COLLECTED DATA =
------------------------

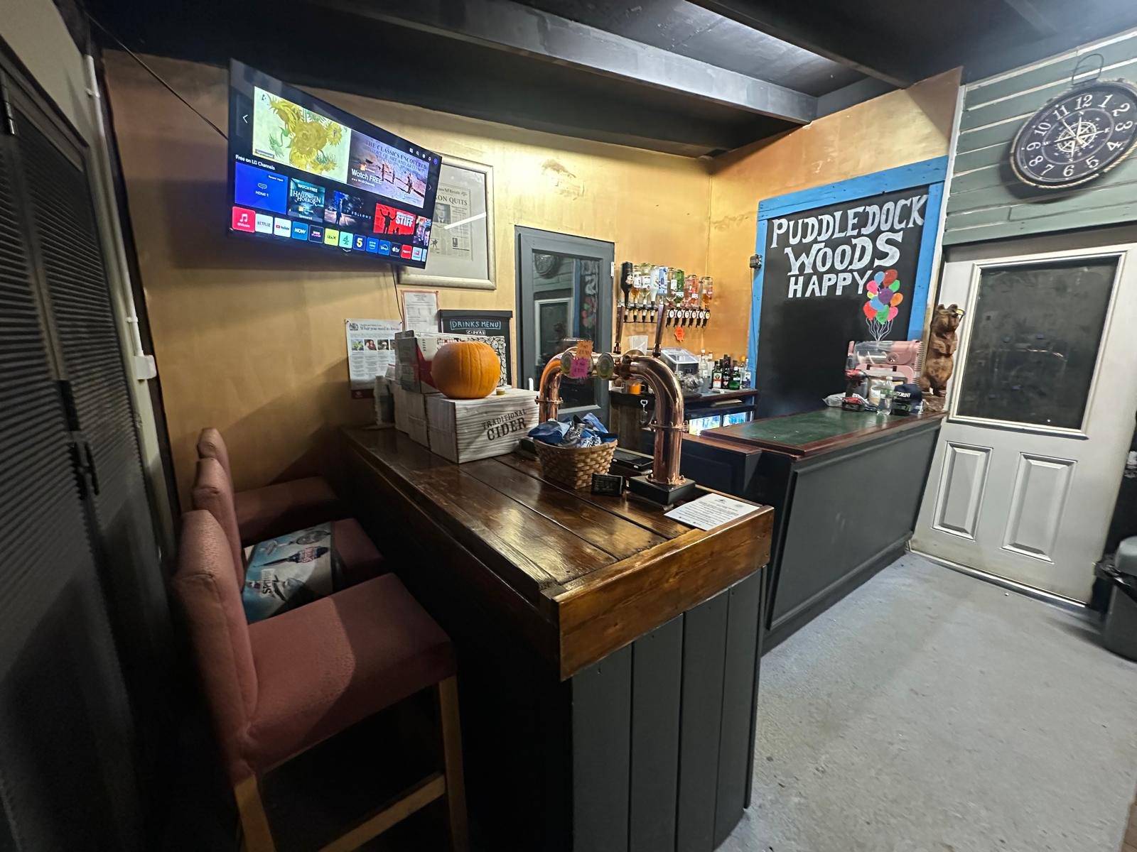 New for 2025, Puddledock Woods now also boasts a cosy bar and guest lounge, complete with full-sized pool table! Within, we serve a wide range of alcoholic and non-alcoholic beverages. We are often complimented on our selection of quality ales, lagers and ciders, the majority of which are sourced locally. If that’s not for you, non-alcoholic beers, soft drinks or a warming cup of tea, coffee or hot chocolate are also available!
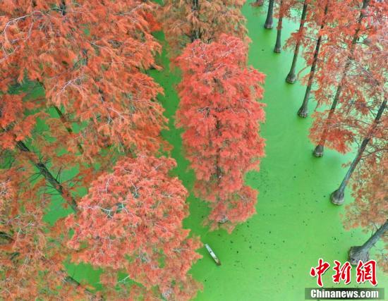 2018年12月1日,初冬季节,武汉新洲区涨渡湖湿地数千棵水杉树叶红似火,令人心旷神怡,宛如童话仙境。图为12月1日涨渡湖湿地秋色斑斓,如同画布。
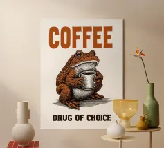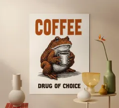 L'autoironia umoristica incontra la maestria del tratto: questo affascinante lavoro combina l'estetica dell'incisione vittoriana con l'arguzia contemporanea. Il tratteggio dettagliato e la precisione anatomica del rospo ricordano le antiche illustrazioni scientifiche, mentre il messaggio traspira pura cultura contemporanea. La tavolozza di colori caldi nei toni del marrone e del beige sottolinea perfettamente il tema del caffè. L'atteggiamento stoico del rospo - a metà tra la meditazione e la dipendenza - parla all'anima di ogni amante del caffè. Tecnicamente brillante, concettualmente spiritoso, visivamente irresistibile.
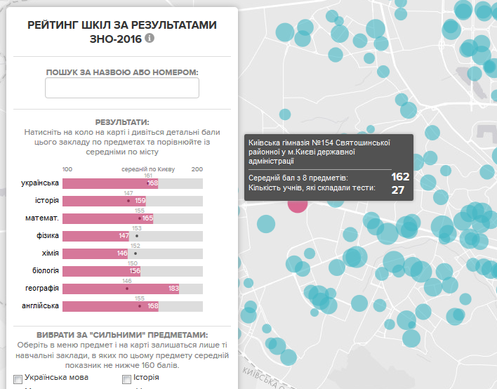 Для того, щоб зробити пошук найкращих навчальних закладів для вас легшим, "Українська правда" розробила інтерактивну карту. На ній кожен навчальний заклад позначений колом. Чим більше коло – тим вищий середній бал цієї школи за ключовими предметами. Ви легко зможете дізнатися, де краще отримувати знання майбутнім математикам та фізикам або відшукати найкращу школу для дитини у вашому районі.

------------------------

TASK PROMPT =
Write out only the lines from the line containing "2018年12月1日,初冬季" through the end of the material above, both end lines included. Pictures are not written out.

REPLY TO THE TASK =
 2018年12月1日,初冬季节,武汉新洲区涨渡湖湿地数千棵水杉树叶红似火,令人心旷神怡,宛如童话仙境。图为12月1日涨渡湖湿地秋色斑斓,如同画布。
 L'autoironia umoristica incontra la maestria del tratto: questo affascinante lavoro combina l'estetica dell'incisione vittoriana con l'arguzia contemporanea. Il tratteggio dettagliato e la precisione anatomica del rospo ricordano le antiche illustrazioni scientifiche, mentre il messaggio traspira pura cultura contemporanea. La tavolozza di colori caldi nei toni del marrone e del beige sottolinea perfettamente il tema del caffè. L'atteggiamento stoico del rospo - a metà tra la meditazione e la dipendenza - parla all'anima di ogni amante del caffè. Tecnicamente brillante, concettualmente spiritoso, visivamente irresistibile.
 Для того, щоб зробити пошук найкращих навчальних закладів для вас легшим, "Українська правда" розробила інтерактивну карту. На ній кожен навчальний заклад позначений колом. Чим більше коло – тим вищий середній бал цієї школи за ключовими предметами. Ви легко зможете дізнатися, де краще отримувати знання майбутнім математикам та фізикам або відшукати найкращу школу для дитини у вашому районі.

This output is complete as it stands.